Data entries

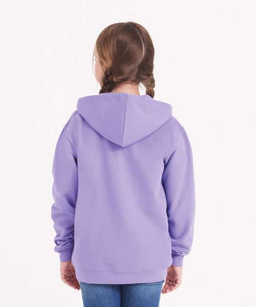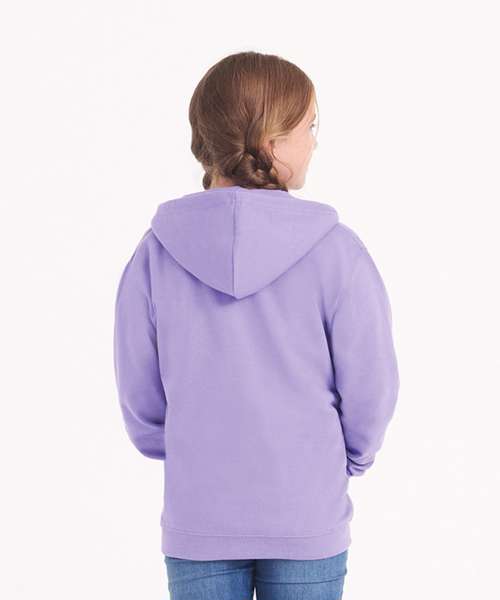 Full zip hoodie with covered main zip with self fabric. Twin needle stitching detail with double fabric hood. Kangaroo pouch pocket and ribbed cuff and hem, no drawcords to comply with EU regulation. Simple tear out label makes it perferct for rebranding. Brushed inner fleece. Soft cottin faced fabric creates ideal printing surface.
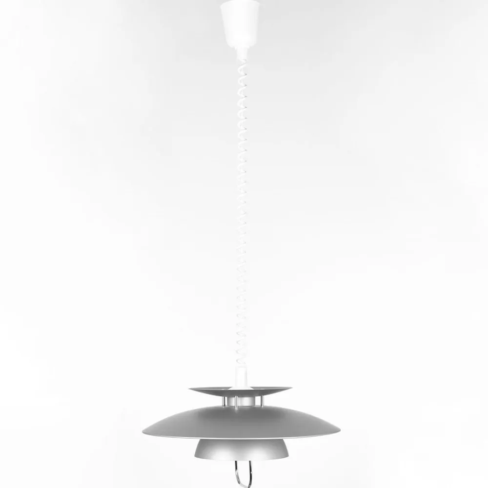 Højdejusterbar Nadija spisepladspendel med grå finish Denne pendellampe er beregnet til brug over en spiseplads, hvor den giver en god belysning af bordfladen og et hyggeligt lysskær i det hele taget. Hvor direkte eller indirekte lyset opleves, afhænger af, hvor højt skærmen er trukket op. Jo lavere den hænger, jo mindre direkte opleves lyset af de tilstedeværende. Takket være den spiralformede højdejusterbar kan højden justeres hurtigt og nemt – hver dag, hvis det er nødvendigt. Alt, hvad du skal gøre, er at give metalbeslaget i bunden af skærmen et hurtigt ryk. Den grå finish på hele ydersiden af skærmen er også værd at fremhæve. Det skaber en kølig elegance, som kan kombineres med mange stilfulde indretninger. Samlet set kan lampens stilistiske design kategoriseres som en del af det nordiske look, som også er meget populært i andre dele af Europa og værdsættes for sin designorienterede elegance.
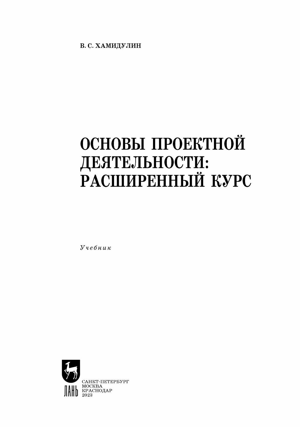 Основы проектной деятельности. Расширенный курс. Учебник для вузов (Хамидулин Владислав Саидович); Лань, 2023
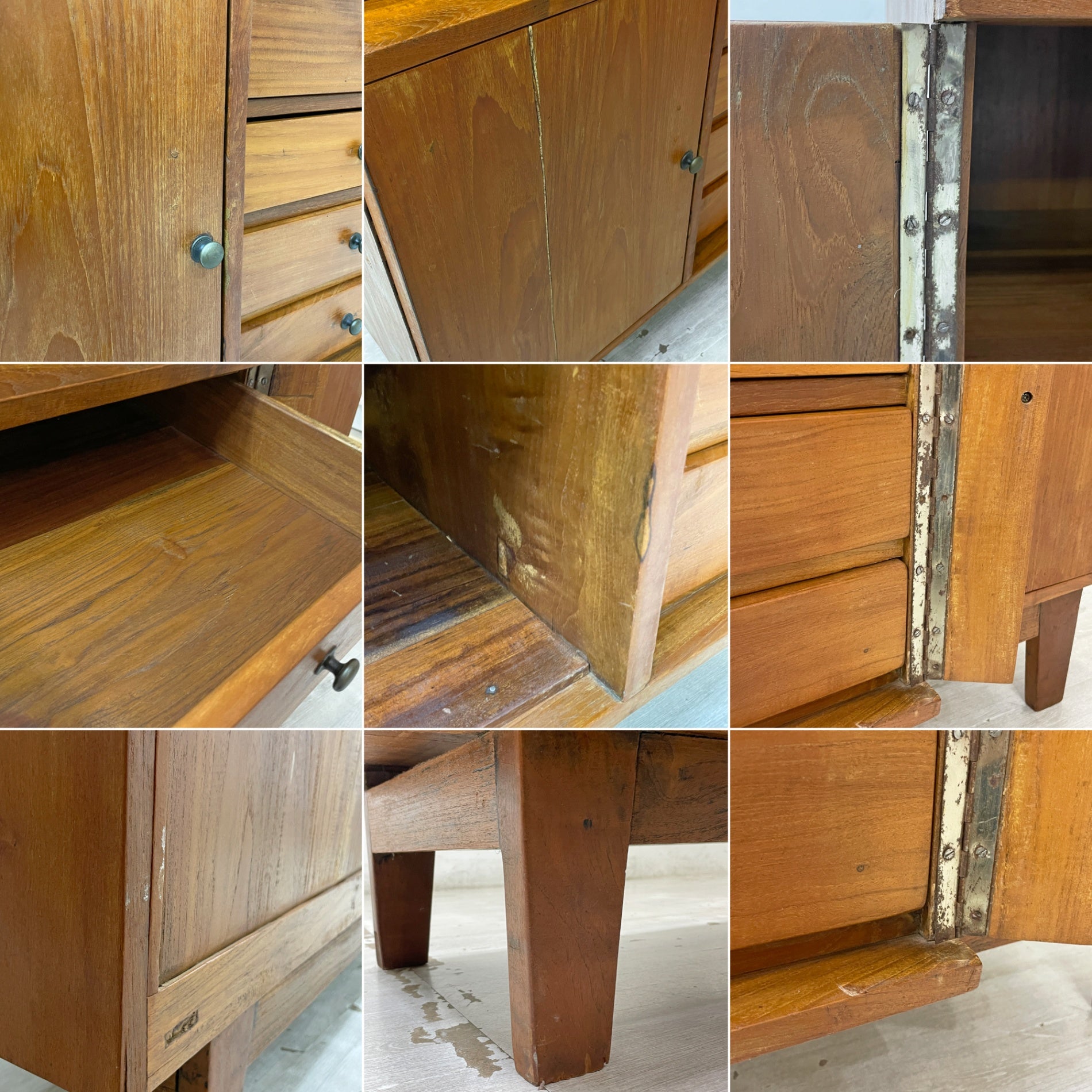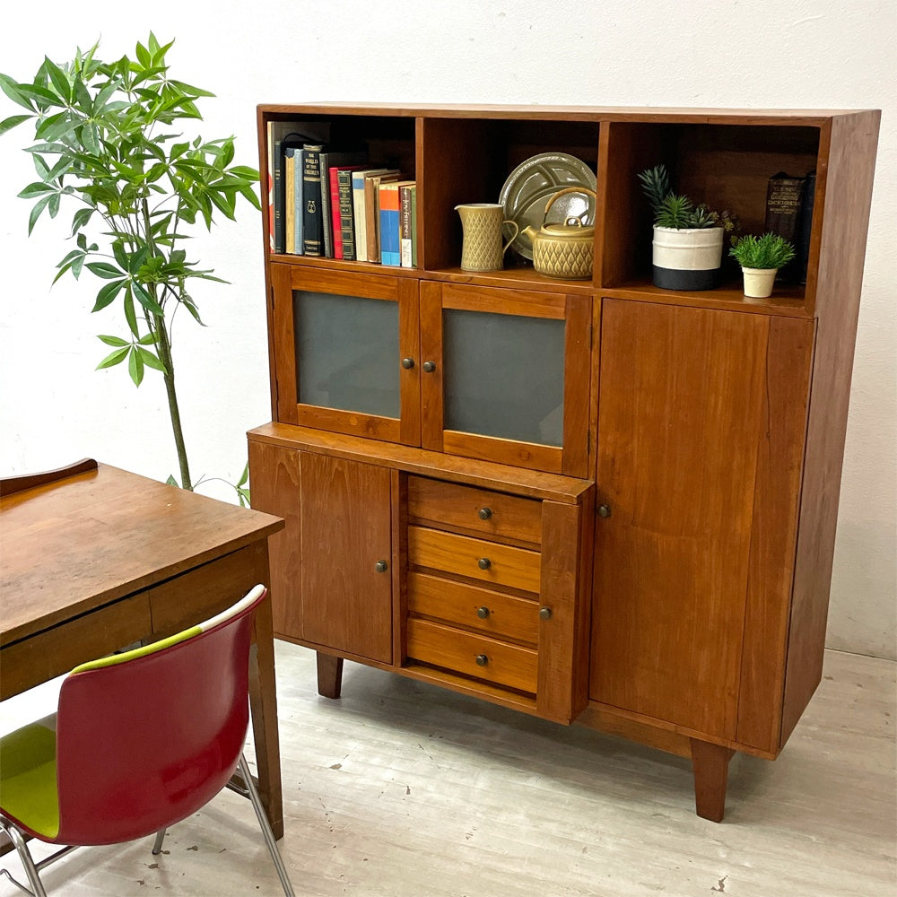 チーク無垢材を贅沢に使用した見せる&隠すを両立したキャビネットが入荷致しました。
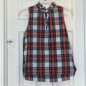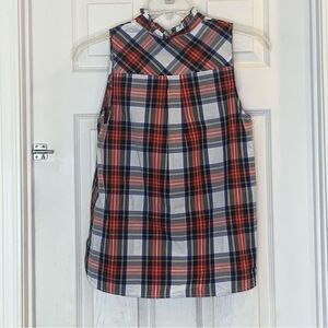 J. Crew Ruffle Plaid Sleeveless Mock Turtleneck Top Size 8
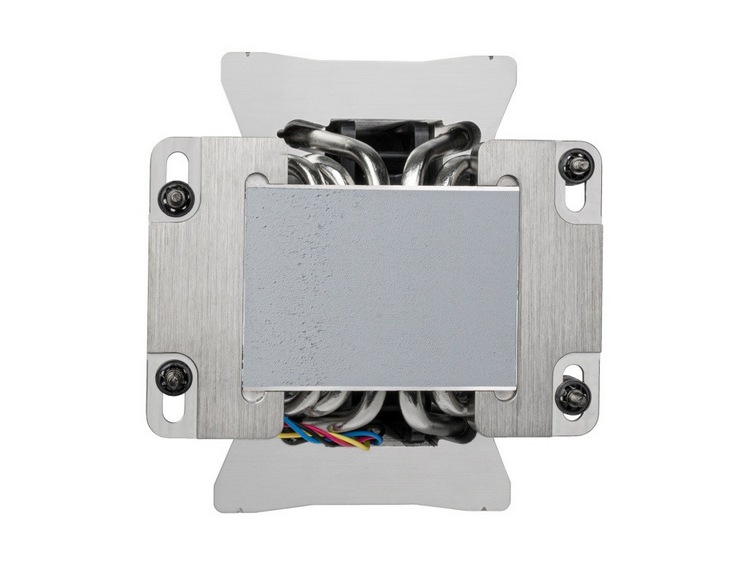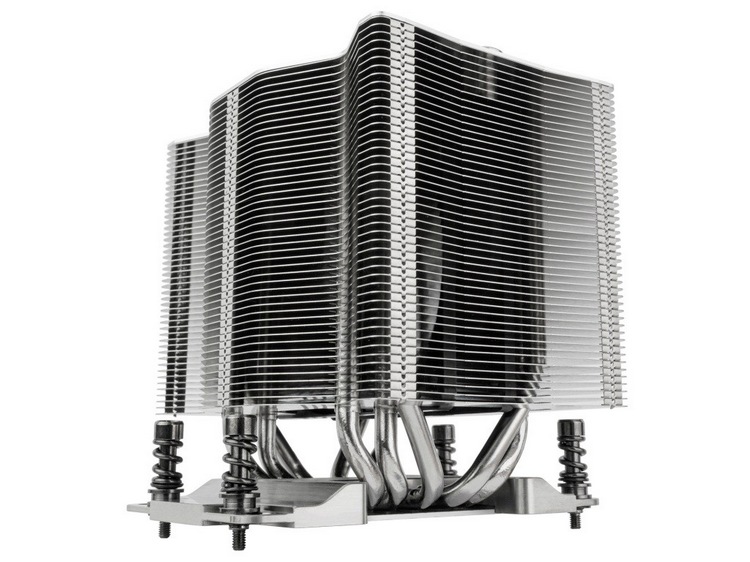 造型比较独特,没有顶盖,热管排列队形也比较特别,它有5根6mm直径热管,底座非常大,抛光镀镍工艺,非直触式,能压制 350W 处理器时的废热。
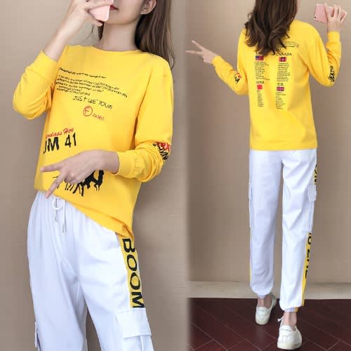 The set contains one long sleeve T shirt and a cargo/combat pants. Made of polyester and cotton.. The set would make you look chic and fashionable
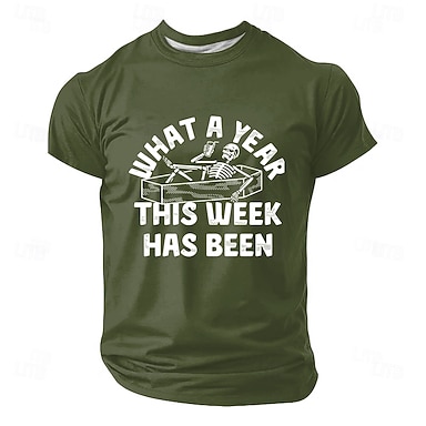 Herren-T-Shirt „Was für ein Jahr diese Woche war“ – Skelett-Sarg, lustiger, sarkastischer, schwarzer Humor, Meme-Motiv, normale Passform, Rundhalsausschnitt, lässig, für Arbeit und Stress,
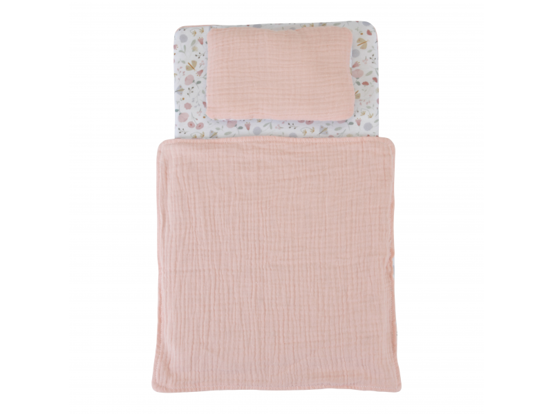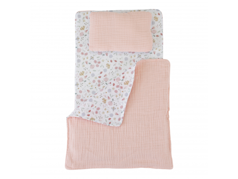 Peřinka a polštářek jsou součástí designové kolekce Little Dutch Květiny a motýli, ve které najdete dekorativní doplňky do dětského pokoje, ložní prádlo, dřevěné a plyšové hračky i jídelní doplňky pro dětské stolování.
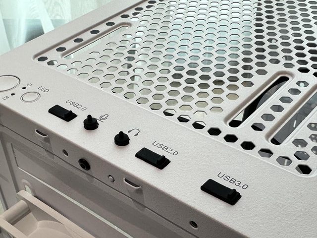 左側板採用打孔玻璃透側,在千元出頭等級的機殼屬於常見的設計方式。 https://i.imgur.com/N5As4Yy.jpg
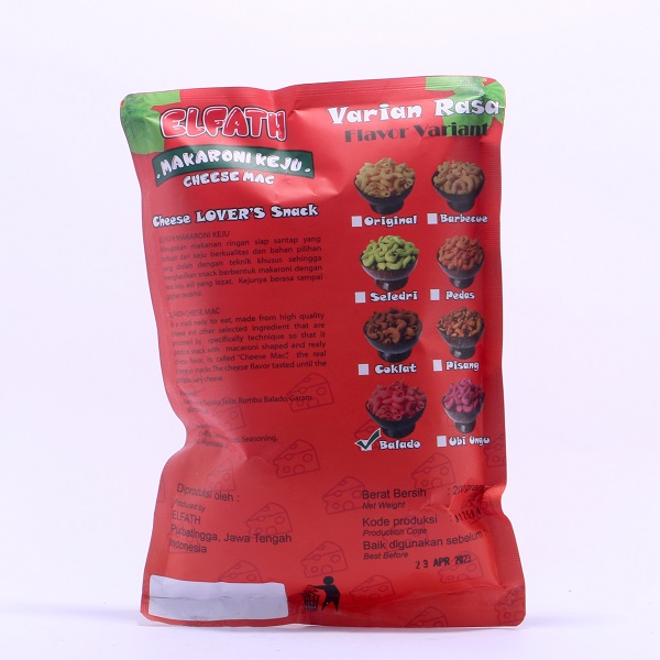 Elfath makaroni keju rasa keju balado merupakan camilan khas nusantara dengan kualitas terbaik. Camilan sehat bebas gluten ini dibuat langsung dari keju cheddar berkualitas. Penambahan bumbu khas sambal balado memberikan keunikan pada citarasa makaroni keju balado ini. Diolah tanpa menambahkan bahan pendawet dan diproses secara higienis dengan selalu mengedepankan mutu demi terjaganya kualitas produk.
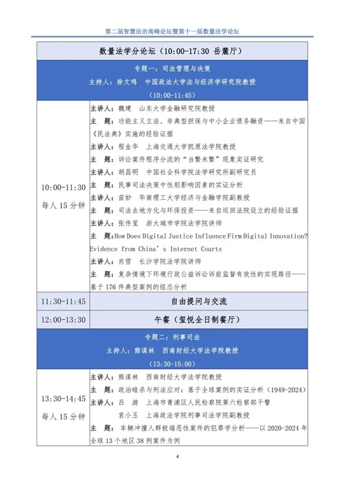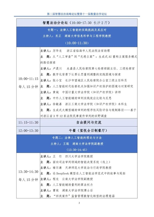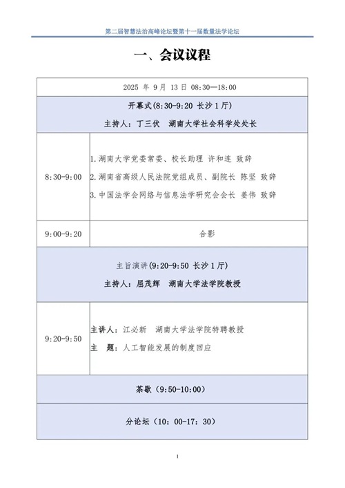 由伟德国际1949官方网站主办,湖南智慧法治研究院、伟德国际1949官方网站数理-计量法学研究中心、《湖湘法学评论》编辑部承办的第二届智慧法治高峰论坛暨第十一届数量法学论坛将于2025年9月在长沙举办。会议的具体议程如下:
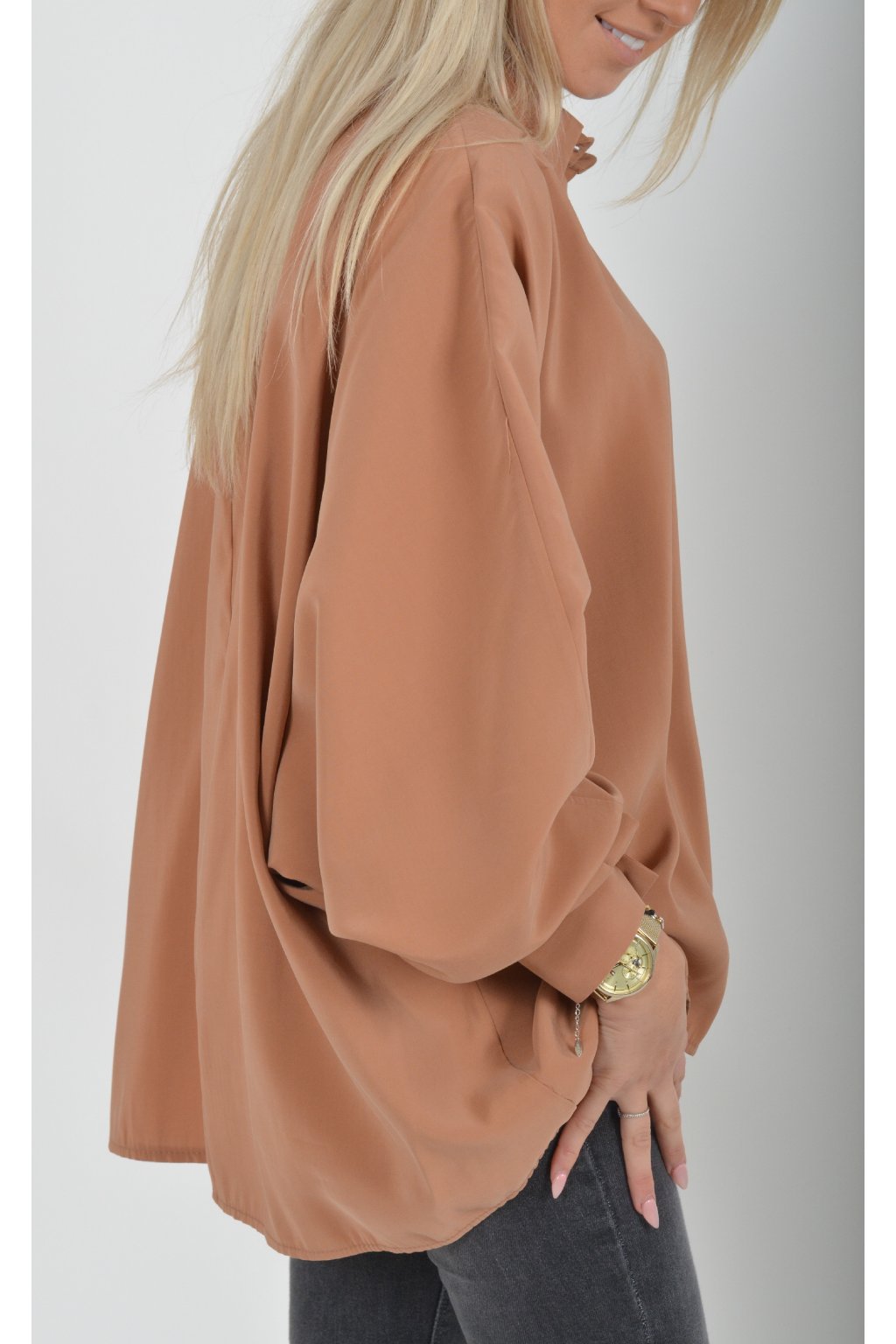 Luxusní košile s dlouhým netopýřím rukávem. Zadní část košile je delší než přední. Je vyrobena z velice příjemného a lehce teplého materiálu. Košile je vhodná jak pro společenské události, tak i na běžné nošení.

YOUR INSTRUCTIONS
Write out every line above again exactly, with the pictures left out.

WRITTEN RESPONSE
 Full zip hoodie with covered main zip with self fabric. Twin needle stitching detail with double fabric hood. Kangaroo pouch pocket and ribbed cuff and hem, no drawcords to comply with EU regulation. Simple tear out label makes it perferct for rebranding. Brushed inner fleece. Soft cottin faced fabric creates ideal printing surface.
 Højdejusterbar Nadija spisepladspendel med grå finish Denne pendellampe er beregnet til brug over en spiseplads, hvor den giver en god belysning af bordfladen og et hyggeligt lysskær i det hele taget. Hvor direkte eller indirekte lyset opleves, afhænger af, hvor højt skærmen er trukket op. Jo lavere den hænger, jo mindre direkte opleves lyset af de tilstedeværende. Takket være den spiralformede højdejusterbar kan højden justeres hurtigt og nemt – hver dag, hvis det er nødvendigt. Alt, hvad du skal gøre, er at give metalbeslaget i bunden af skærmen et hurtigt ryk. Den grå finish på hele ydersiden af skærmen er også værd at fremhæve. Det skaber en kølig elegance, som kan kombineres med mange stilfulde indretninger. Samlet set kan lampens stilistiske design kategoriseres som en del af det nordiske look, som også er meget populært i andre dele af Europa og værdsættes for sin designorienterede elegance.
 Основы проектной деятельности. Расширенный курс. Учебник для вузов (Хамидулин Владислав Саидович); Лань, 2023
 チーク無垢材を贅沢に使用した見せる&隠すを両立したキャビネットが入荷致しました。
 J. Crew Ruffle Plaid Sleeveless Mock Turtleneck Top Size 8
 造型比较独特,没有顶盖,热管排列队形也比较特别,它有5根6mm直径热管,底座非常大,抛光镀镍工艺,非直触式,能压制 350W 处理器时的废热。
 The set contains one long sleeve T shirt and a cargo/combat pants. Made of polyester and cotton.. The set would make you look chic and fashionable
 Herren-T-Shirt „Was für ein Jahr diese Woche war“ – Skelett-Sarg, lustiger, sarkastischer, schwarzer Humor, Meme-Motiv, normale Passform, Rundhalsausschnitt, lässig, für Arbeit und Stress,
 Peřinka a polštářek jsou součástí designové kolekce Little Dutch Květiny a motýli, ve které najdete dekorativní doplňky do dětského pokoje, ložní prádlo, dřevěné a plyšové hračky i jídelní doplňky pro dětské stolování.
 左側板採用打孔玻璃透側,在千元出頭等級的機殼屬於常見的設計方式。 https://i.imgur.com/N5As4Yy.jpg
 Elfath makaroni keju rasa keju balado merupakan camilan khas nusantara dengan kualitas terbaik. Camilan sehat bebas gluten ini dibuat langsung dari keju cheddar berkualitas. Penambahan bumbu khas sambal balado memberikan keunikan pada citarasa makaroni keju balado ini. Diolah tanpa menambahkan bahan pendawet dan diproses secara higienis dengan selalu mengedepankan mutu demi terjaganya kualitas produk.
 由伟德国际1949官方网站主办,湖南智慧法治研究院、伟德国际1949官方网站数理-计量法学研究中心、《湖湘法学评论》编辑部承办的第二届智慧法治高峰论坛暨第十一届数量法学论坛将于2025年9月在长沙举办。会议的具体议程如下:
 Luxusní košile s dlouhým netopýřím rukávem. Zadní část košile je delší než přední. Je vyrobena z velice příjemného a lehce teplého materiálu. Košile je vhodná jak pro společenské události, tak i na běžné nošení.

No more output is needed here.